EXERCISE DIRECTIONS -
Reproduce exactly, and only, the lines of the material below running from the line bearing "O juiz Judicael" through the line bearing "Сетевой фильтр 5". Leave any pictures out.

GIVEN INFORMATION -
++++++
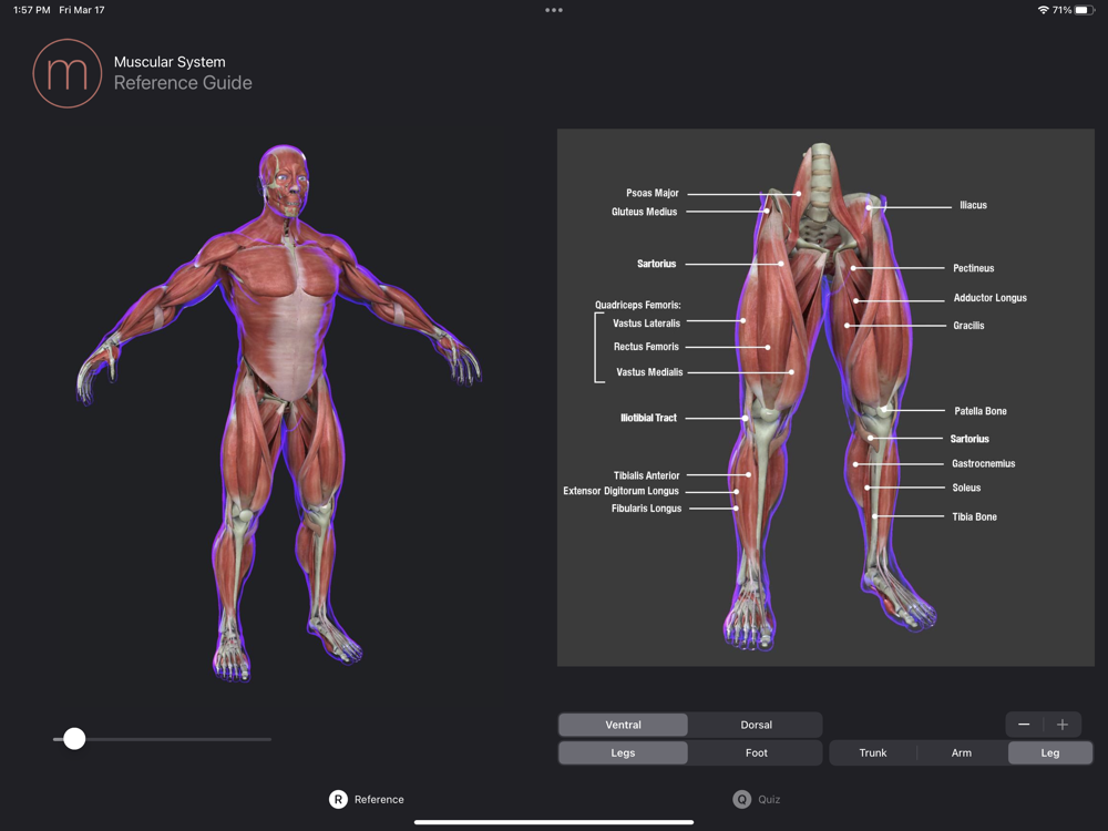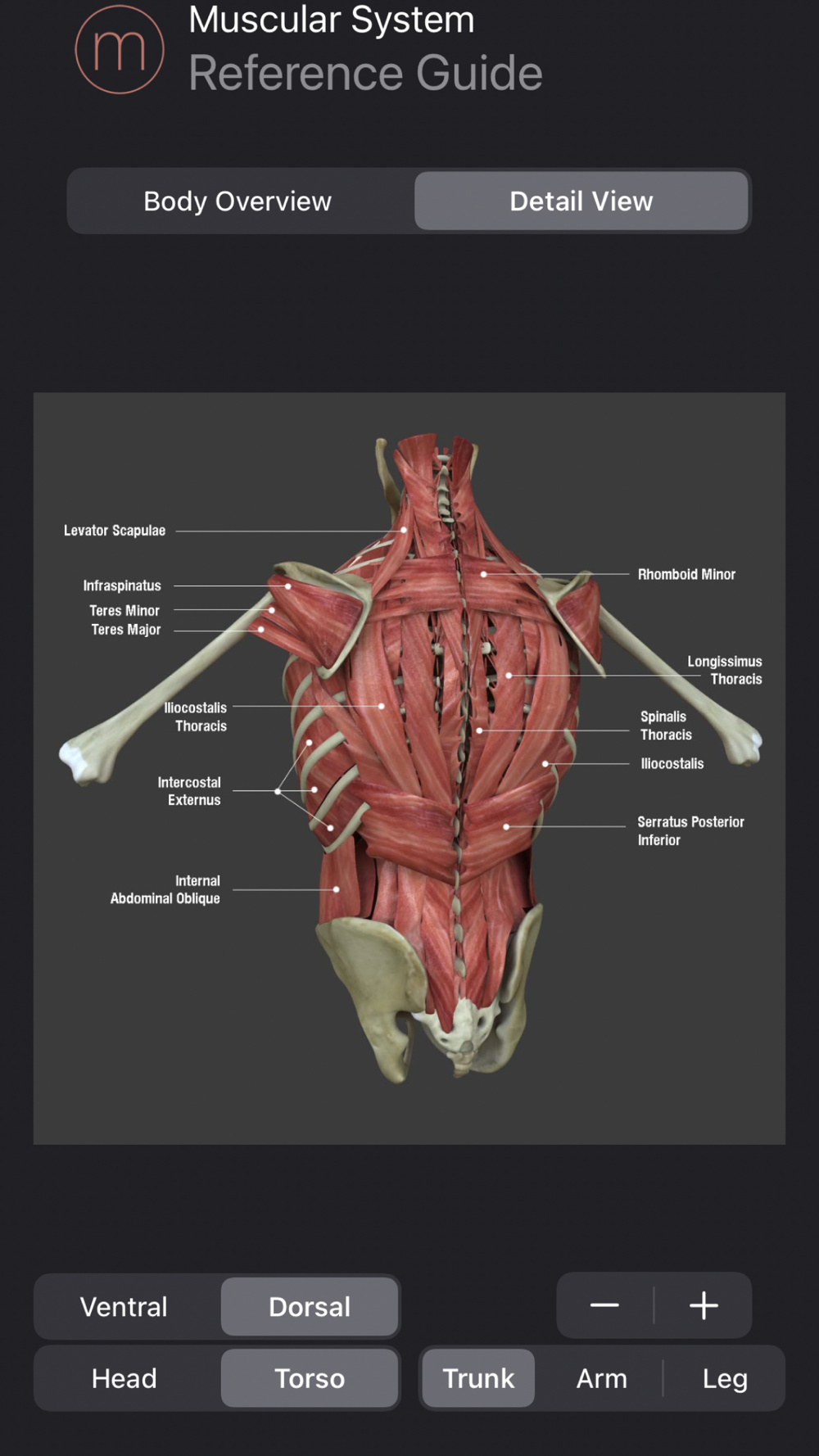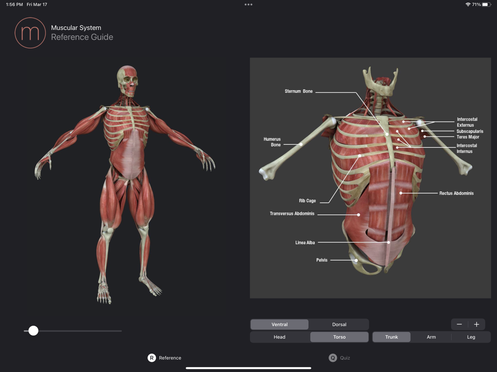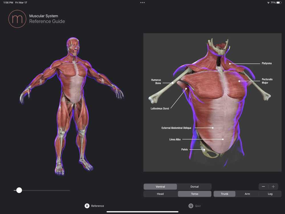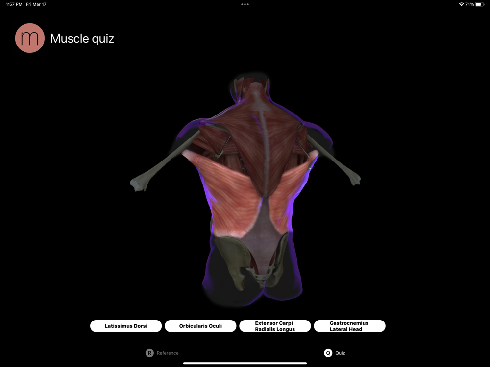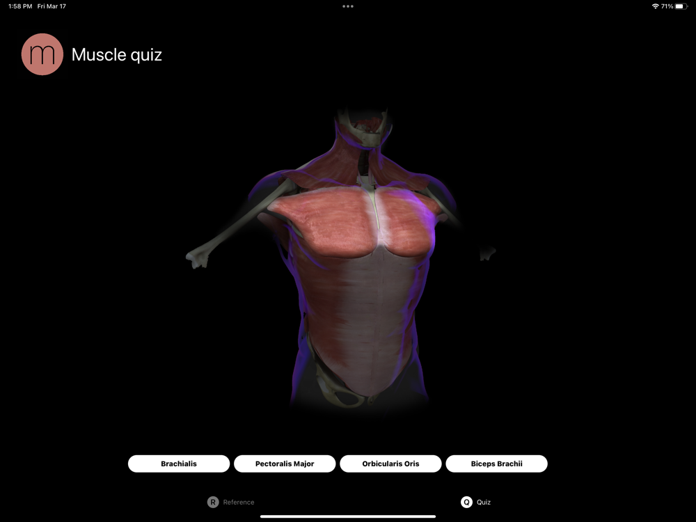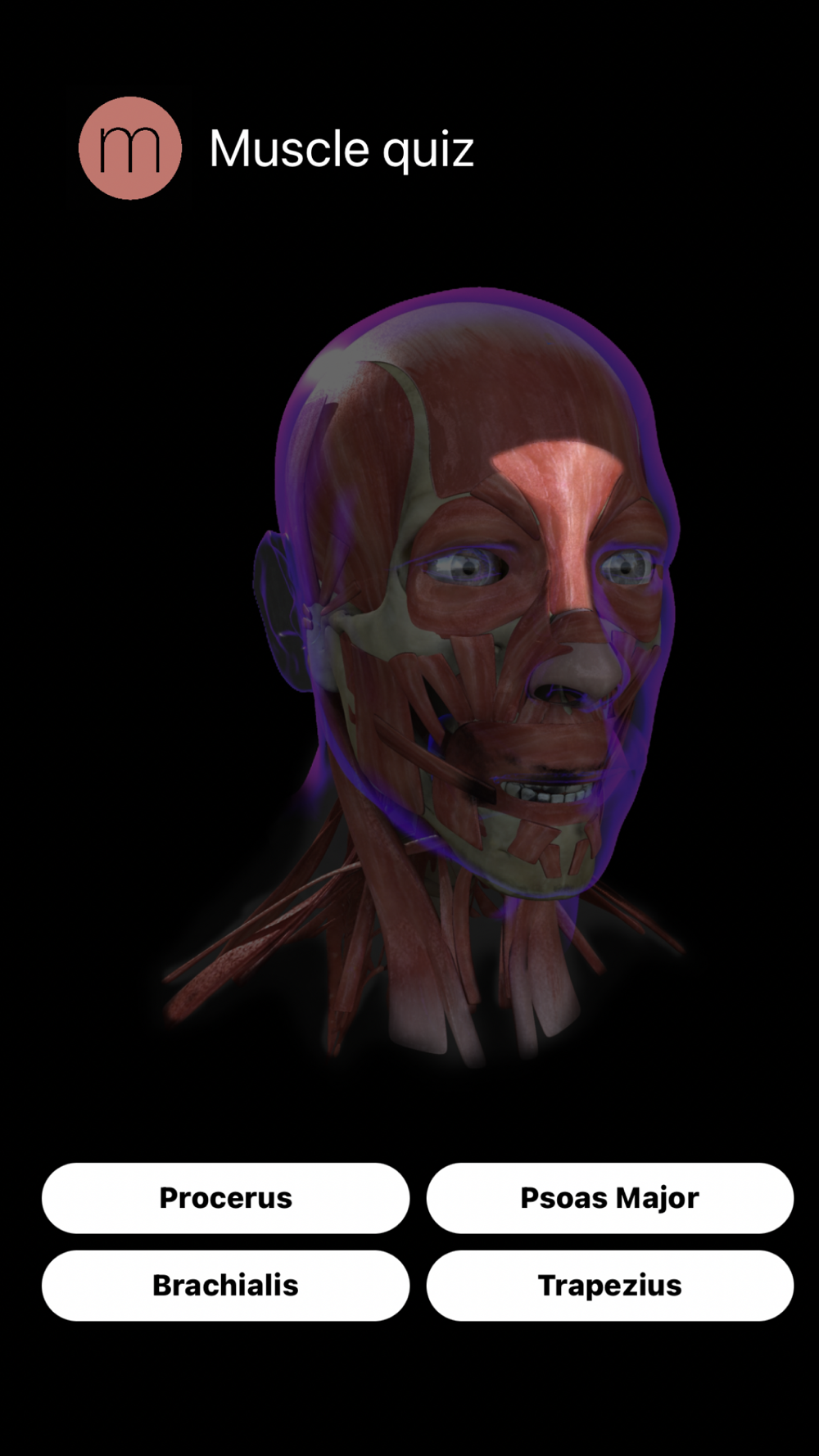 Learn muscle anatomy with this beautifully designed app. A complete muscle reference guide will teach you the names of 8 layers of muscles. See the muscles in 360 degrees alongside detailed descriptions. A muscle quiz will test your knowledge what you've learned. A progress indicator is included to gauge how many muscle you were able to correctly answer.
++++++
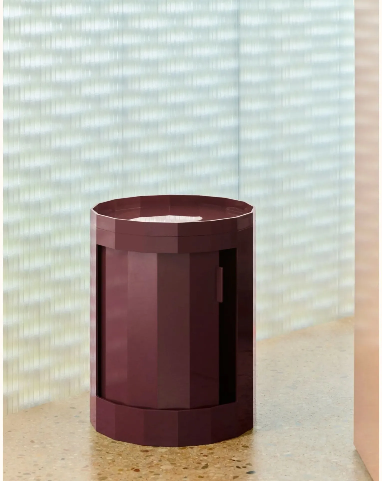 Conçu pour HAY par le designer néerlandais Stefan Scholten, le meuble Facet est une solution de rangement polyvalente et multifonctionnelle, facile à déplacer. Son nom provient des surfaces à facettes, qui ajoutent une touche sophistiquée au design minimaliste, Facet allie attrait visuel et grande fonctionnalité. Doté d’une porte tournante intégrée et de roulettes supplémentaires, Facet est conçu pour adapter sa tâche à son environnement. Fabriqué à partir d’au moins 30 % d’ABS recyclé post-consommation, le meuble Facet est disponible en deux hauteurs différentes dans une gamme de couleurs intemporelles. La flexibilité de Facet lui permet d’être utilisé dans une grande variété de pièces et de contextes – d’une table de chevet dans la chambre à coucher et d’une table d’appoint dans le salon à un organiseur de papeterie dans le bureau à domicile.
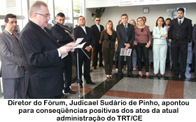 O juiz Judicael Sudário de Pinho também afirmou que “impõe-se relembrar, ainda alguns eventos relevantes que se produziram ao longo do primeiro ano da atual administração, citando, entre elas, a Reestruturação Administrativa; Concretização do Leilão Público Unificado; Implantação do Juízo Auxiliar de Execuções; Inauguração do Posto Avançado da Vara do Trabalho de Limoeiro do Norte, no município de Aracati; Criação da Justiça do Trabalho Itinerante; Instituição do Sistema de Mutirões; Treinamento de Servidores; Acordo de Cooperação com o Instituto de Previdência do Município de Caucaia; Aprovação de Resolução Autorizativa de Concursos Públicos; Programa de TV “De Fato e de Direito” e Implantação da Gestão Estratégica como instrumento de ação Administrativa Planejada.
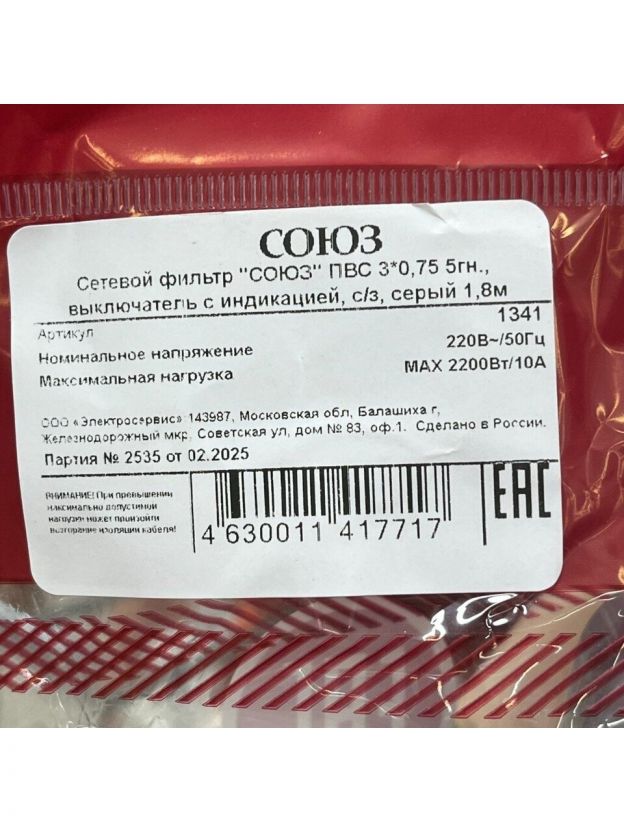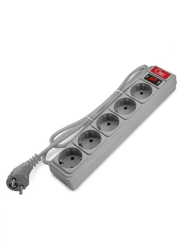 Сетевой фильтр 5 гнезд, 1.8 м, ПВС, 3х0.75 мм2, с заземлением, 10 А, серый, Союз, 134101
++++++
COMPLETED TASK -
 O juiz Judicael Sudário de Pinho também afirmou que “impõe-se relembrar, ainda alguns eventos relevantes que se produziram ao longo do primeiro ano da atual administração, citando, entre elas, a Reestruturação Administrativa; Concretização do Leilão Público Unificado; Implantação do Juízo Auxiliar de Execuções; Inauguração do Posto Avançado da Vara do Trabalho de Limoeiro do Norte, no município de Aracati; Criação da Justiça do Trabalho Itinerante; Instituição do Sistema de Mutirões; Treinamento de Servidores; Acordo de Cooperação com o Instituto de Previdência do Município de Caucaia; Aprovação de Resolução Autorizativa de Concursos Públicos; Programa de TV “De Fato e de Direito” e Implantação da Gestão Estratégica como instrumento de ação Administrativa Planejada.
 Сетевой фильтр 5 гнезд, 1.8 м, ПВС, 3х0.75 мм2, с заземлением, 10 А, серый, Союз, 134101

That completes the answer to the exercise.